A weekly wrap-up of news, issues and current affairs from the Pacific. The programme is broadcast nationwide every Saturday evening on Radio New Zealand National and is produced by the newsroom of Radio New Zealand International. The following rundown is supplied from the broadcaster’s news system:
1. The first refugee determinations for Australia's asylum seekers being held on Nauru and Papua New Guinea's Manus Island have been handed down this week.
2. Samoa's Ministry of Health says four children have died and 19 have been left seriously ill this year due to malnutrition following diarrhoeal illnesses.

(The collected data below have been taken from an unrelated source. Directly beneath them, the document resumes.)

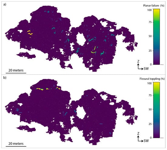 Figure 19. Rendering of the 3D model indicating the results of the ROKA Kinematic Analysis of the possible modes of failure. The color scale represents the critical value of the discontinuity planes that could activate (a) planar failure and (b) flexural toppling (see Section 2.5 for the critical value definition).
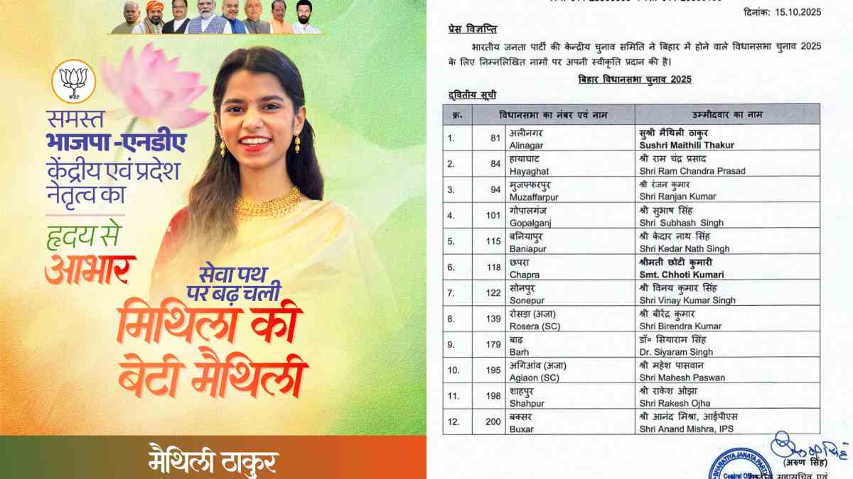 पटना: बिहार विधानसभा चुनाव 2025 की तैयारियों के बीच भारतीय जनता पार्टी ने अपनी दूसरी प्रत्याशी सूची जारी की है। इस सूची में सबसे चर्चित नाम लोकगायिका मैथिली ठाकुर का है, जिन्हें अलीनगर विधानसभा सीट से बीजेपी का उम्मीदवार बनाया गया है।
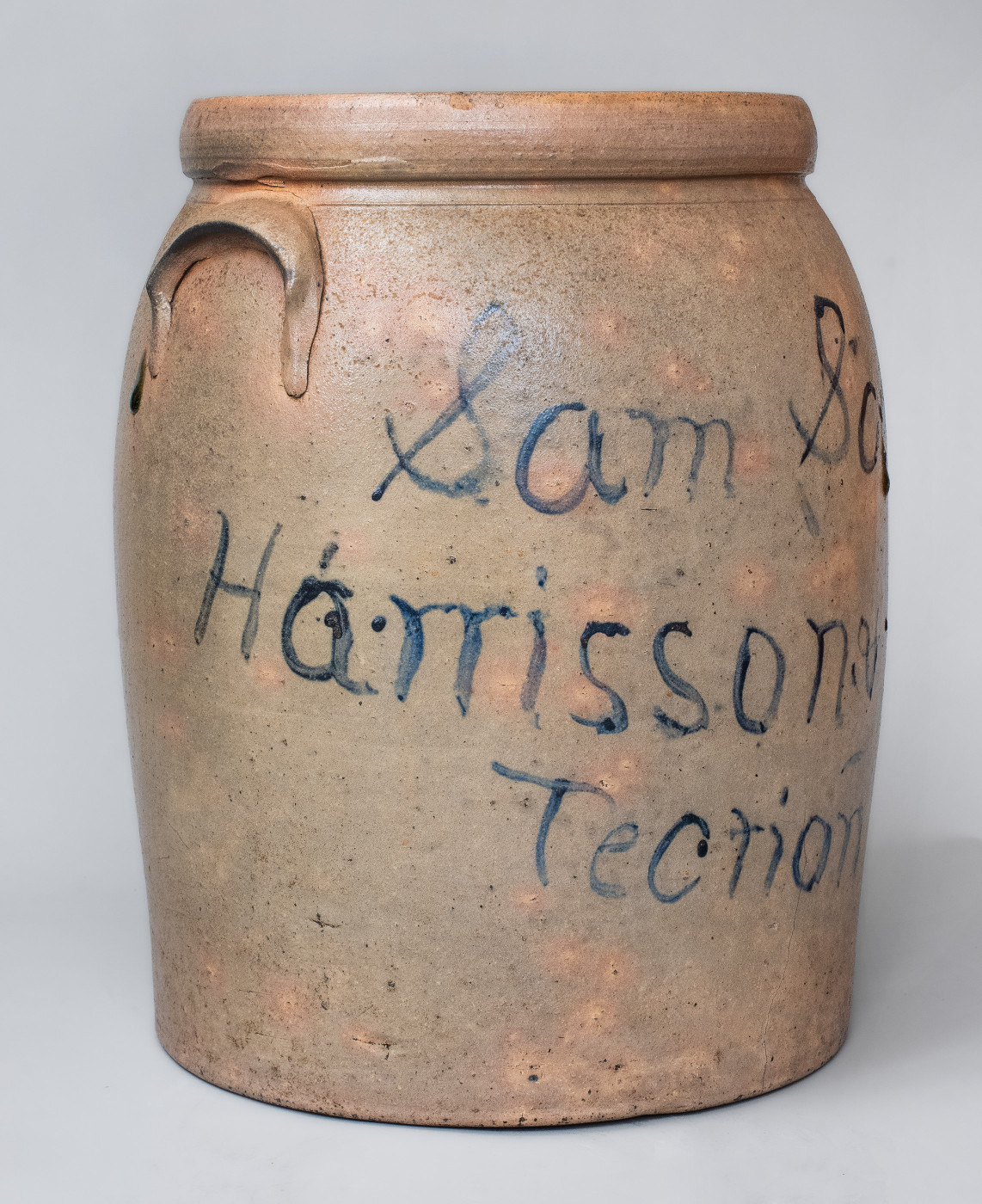 Rare Eight-Gallon Stoneware Political Jar with Cobalt Inscription, "Sam Scott / Harrisson(sic) & Pro / Tection," OH origin, circa 1890. This jar references the 23rd U.S. President, Benjamin Harrison, who served from 1889 to 1893, and his staunch support of protective tariffs, designed to benefit domestic manufacturers and workers. Among these was the McKinley Tariff, framed by then-Representative, William McKinely, which became law on October 1, 1890. H 17".
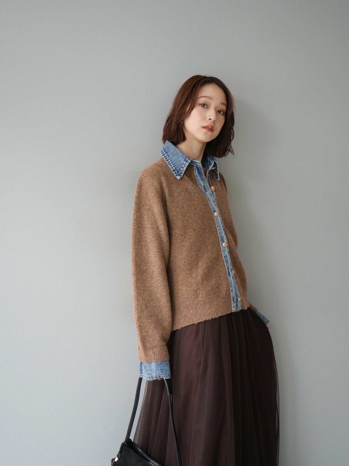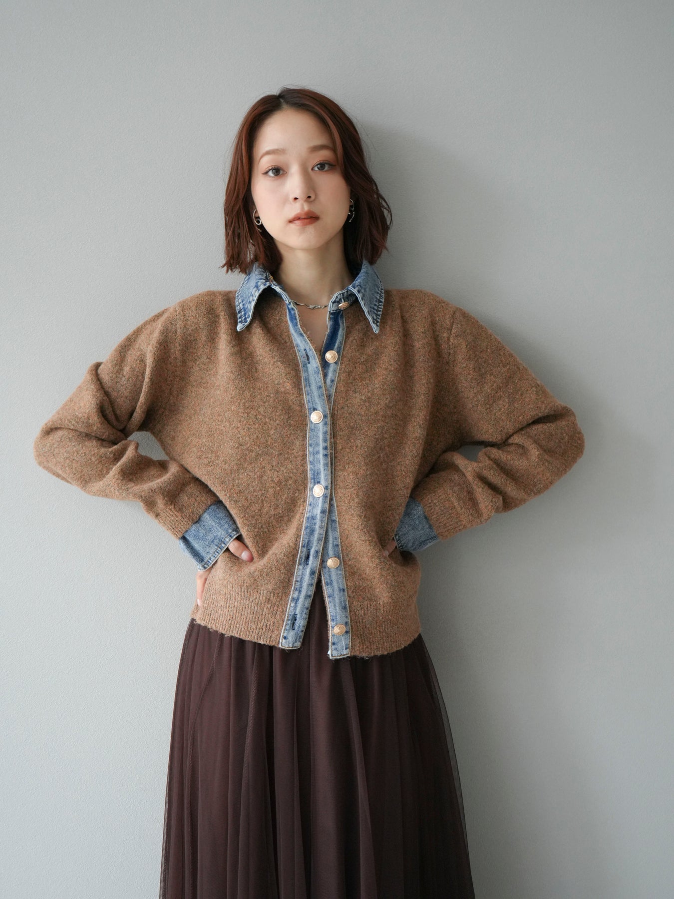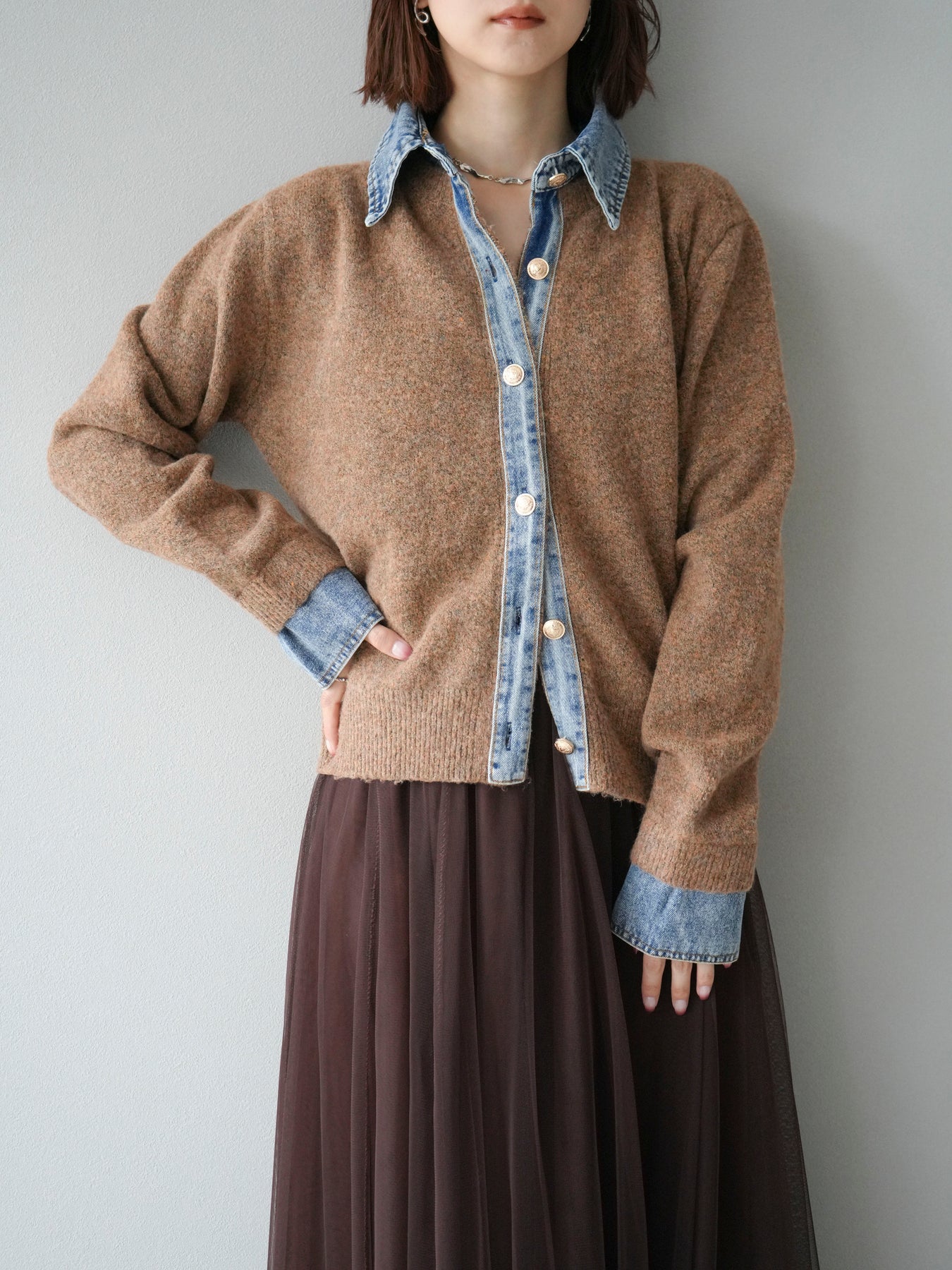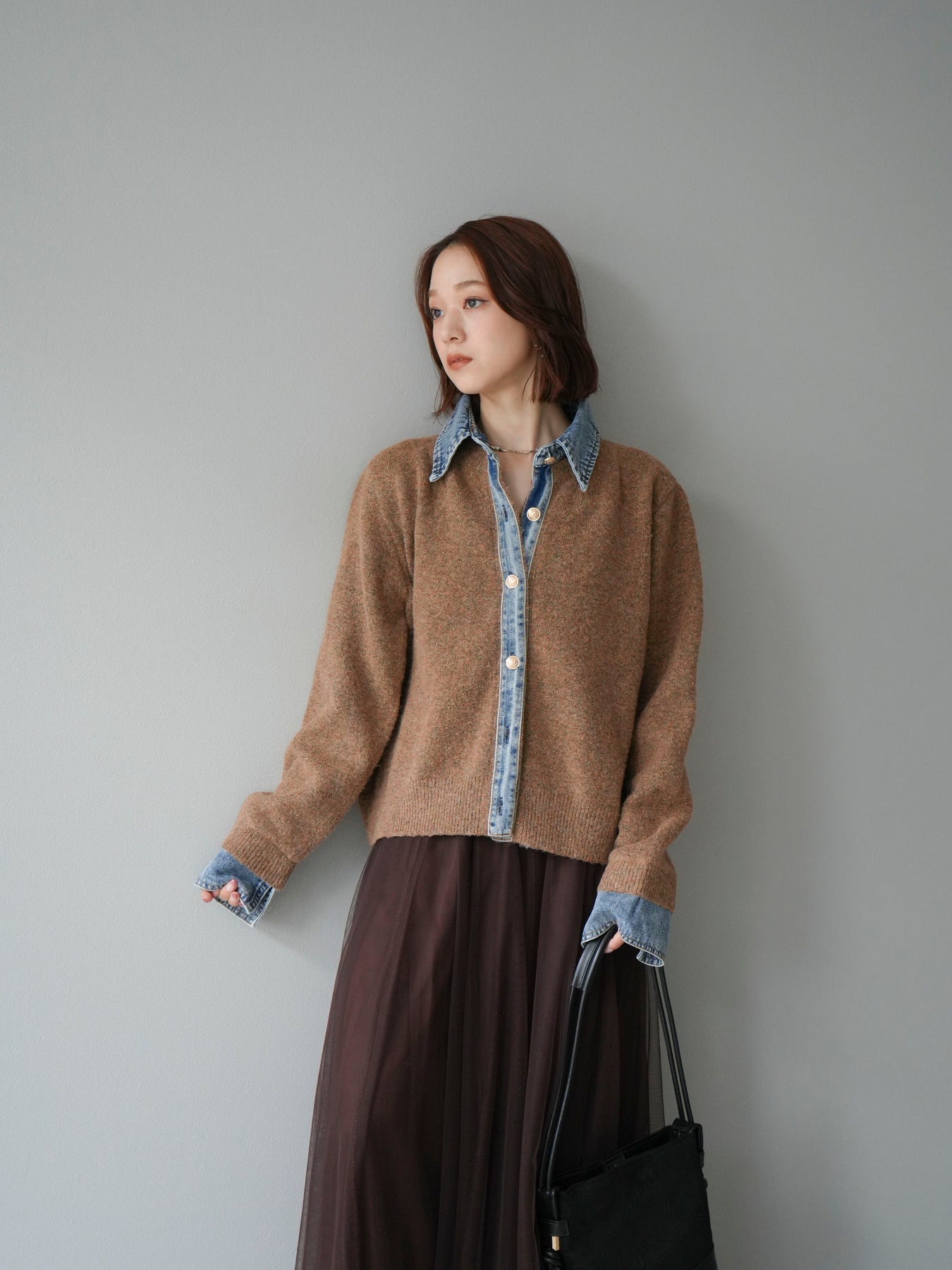 【預購】牛仔領紐扣針織開襟衫/駝色
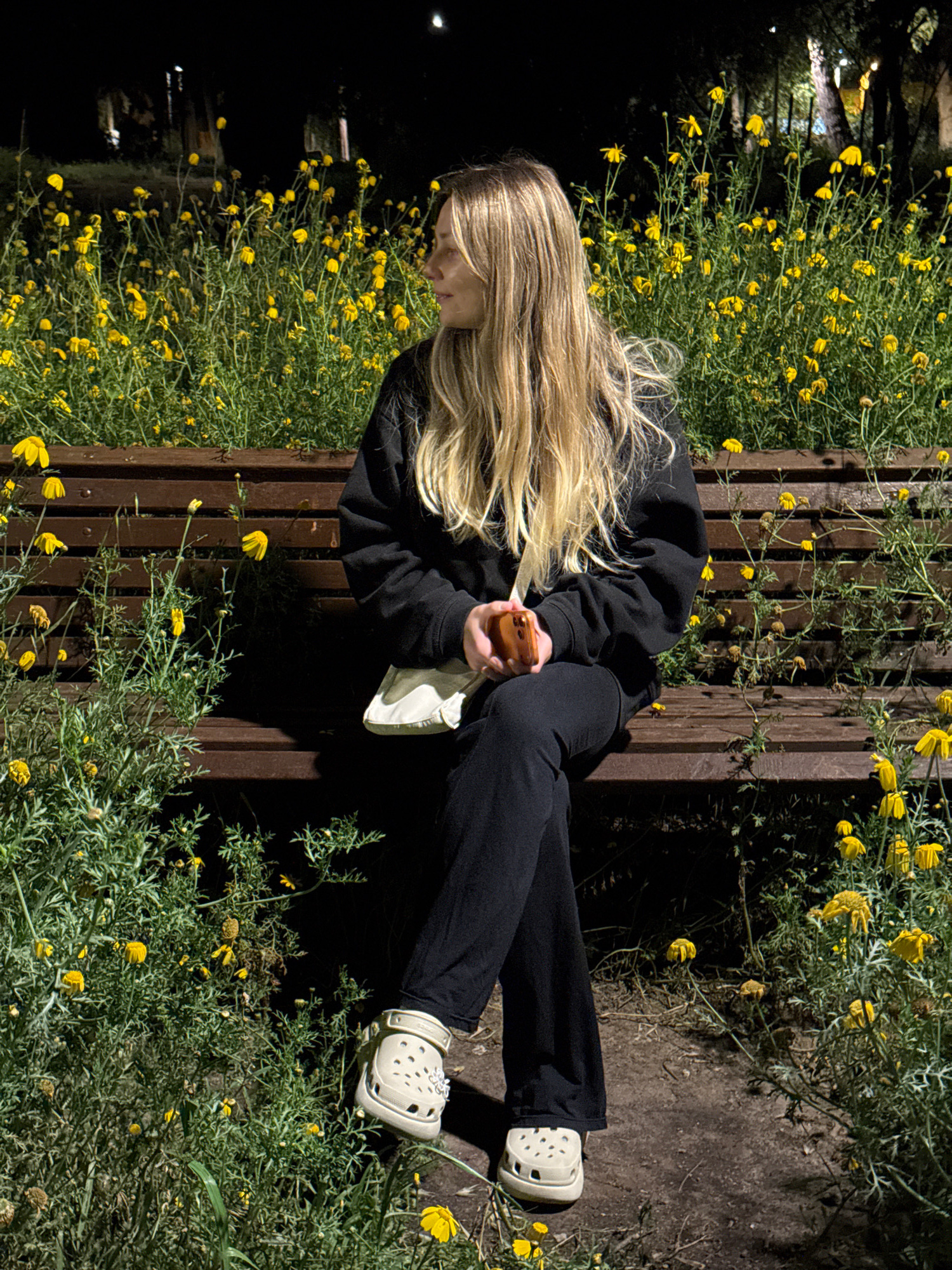 A young woman with long, blonde hair sits on a dark brown wooden bench in an outdoor setting at night. She wears a black hoodie and black pants, with light-colored Crocs on her feet. She is holding a…read more
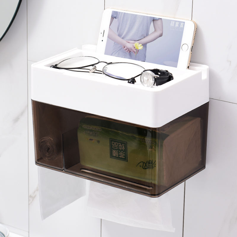 Custom Adhesive Hard Plastic Wall Mounted Japandi Style Tissue Paper Storage Box Organizer Acrylic Bathroom Lid Drill-Free
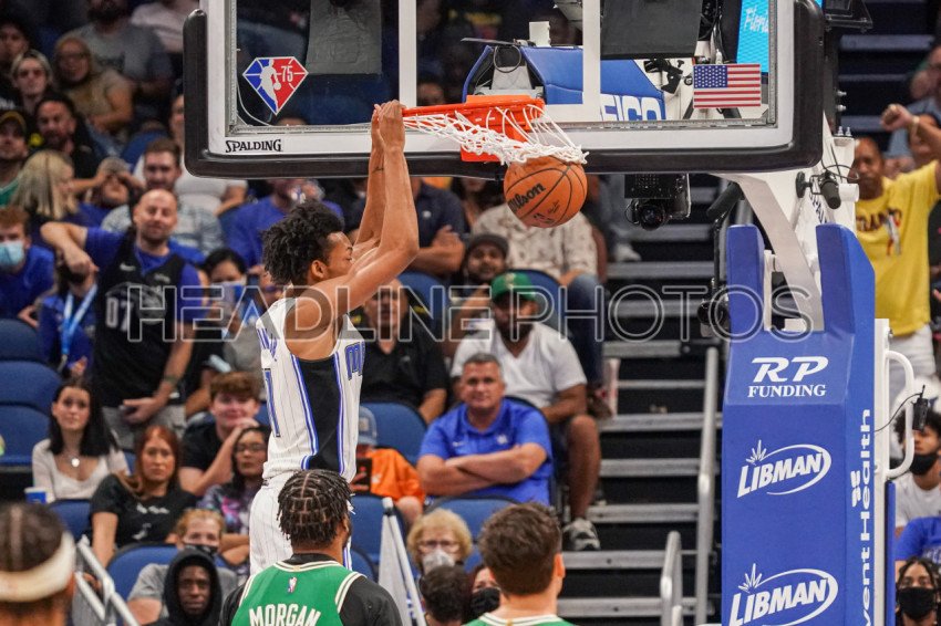 Orlando, Florida, USA, October 13, 2021, Orlando Magic's Jeff Dowtin #11 makes a dunk against the Celtics during the second half at the Amway Center. (Photo Credit: Marty Jean-Louis)
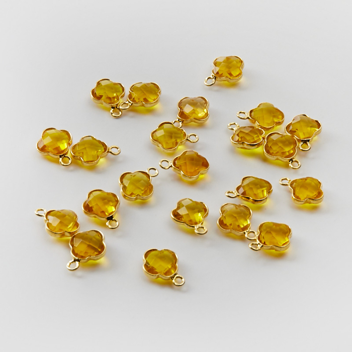 Srebrna zawieszka cytryn syntetyczny koniczyna marokańska w srebrnym okuciu AG925 pozłacana 8,5mm
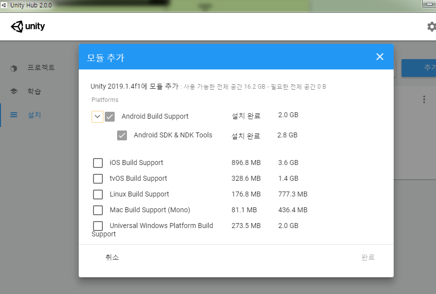 혹시 IL2CPP 빌드를 하려는데 SDK, JDK, NDK 관련 오류가 발생한다면
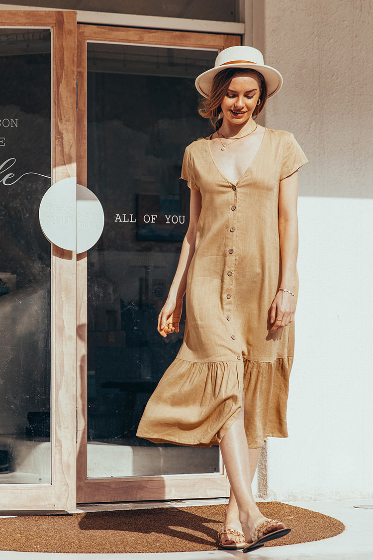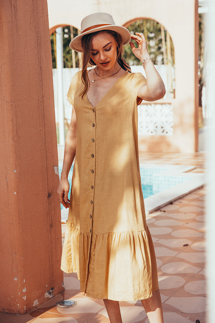HomeMaxi Kleid in A-Form mit V-Ausschnitt und Rüschen
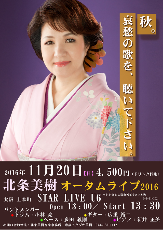11月20日(日)上本町STAR LIVE U6にてオータムライブ2016を開催いたします。
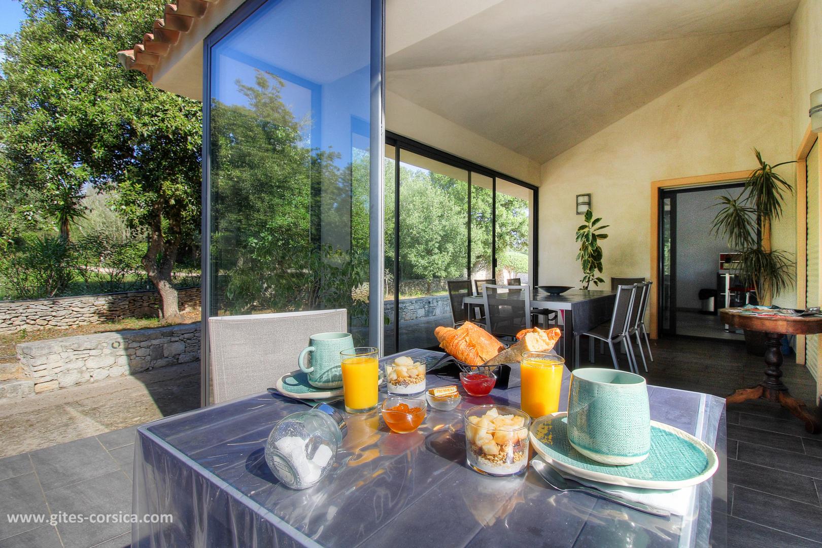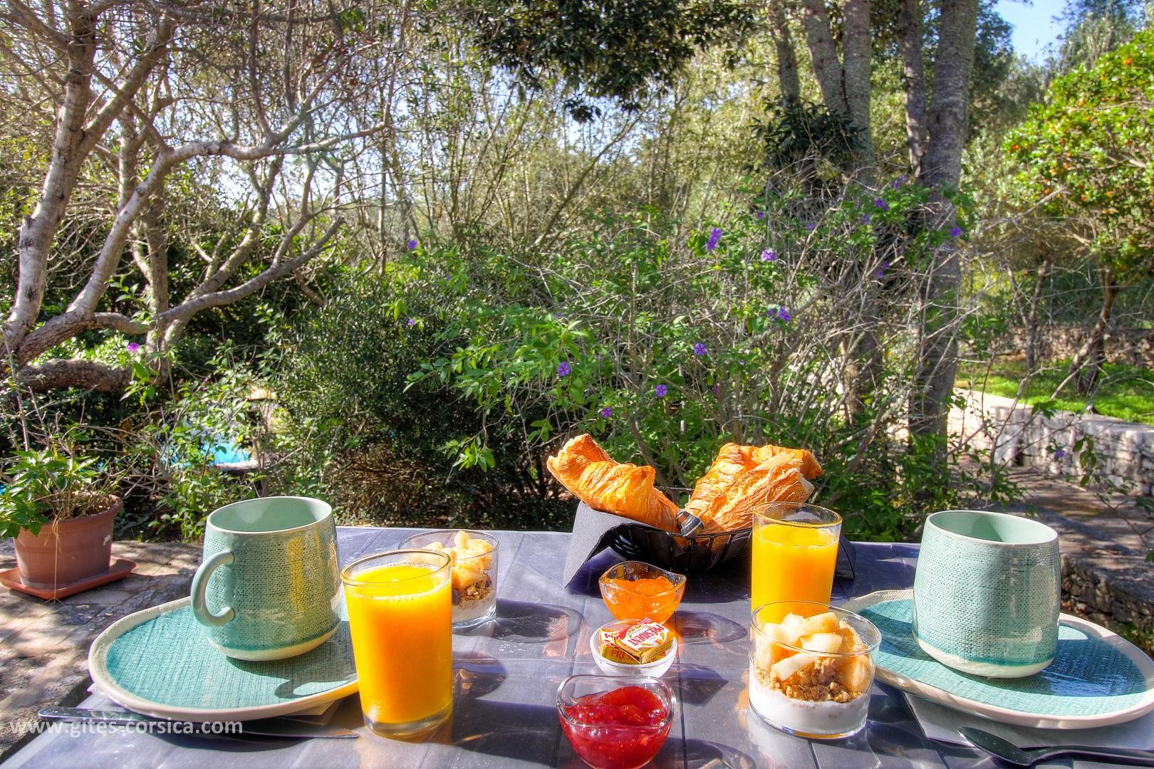 Das Frühstück wird im Esszimmer (Veranda) serviert. Es besteht aus heißen Getränken, Brot, Gebäck, Milchprodukten, Marmeladen und Fruchtsäften.

3. Our correspondent in Solomon Islands [i.e. Dorothy Wickham] says while there is praise for police after last weekend's riots, the incidents raise questions about the numbers of disaffected, often unemployed youth in the capital Honiara.
4. A nickel expert says questions need to be asked about Vale's risk management procedures, workers' behaviour and the design of its processing plant in New Caledonia to find out why spills keep happening there.
5. NGOs [i.e. non-governmental organizations] in Fiji say their calls to remove an Electoral Decree provision which restricts what work they can do have so far been ignored.
6. A Nauru MP [i.e. Roland Kun], one of three suspended by the island's Government, has been settling his family in New Zealand after his wife's Nauru visa was withdrawn.
7. A man-made climate resilient harbour, believed to be the world's first, has been constructed at Mangaia Island in the Cook Islands.
8. Tonga rugby coach Mana Otai says the global reaction to 18-year-old sensation Taniela Tupou came as no surprise to him, with foreign scouts already on the lookout for the next schoolboy star.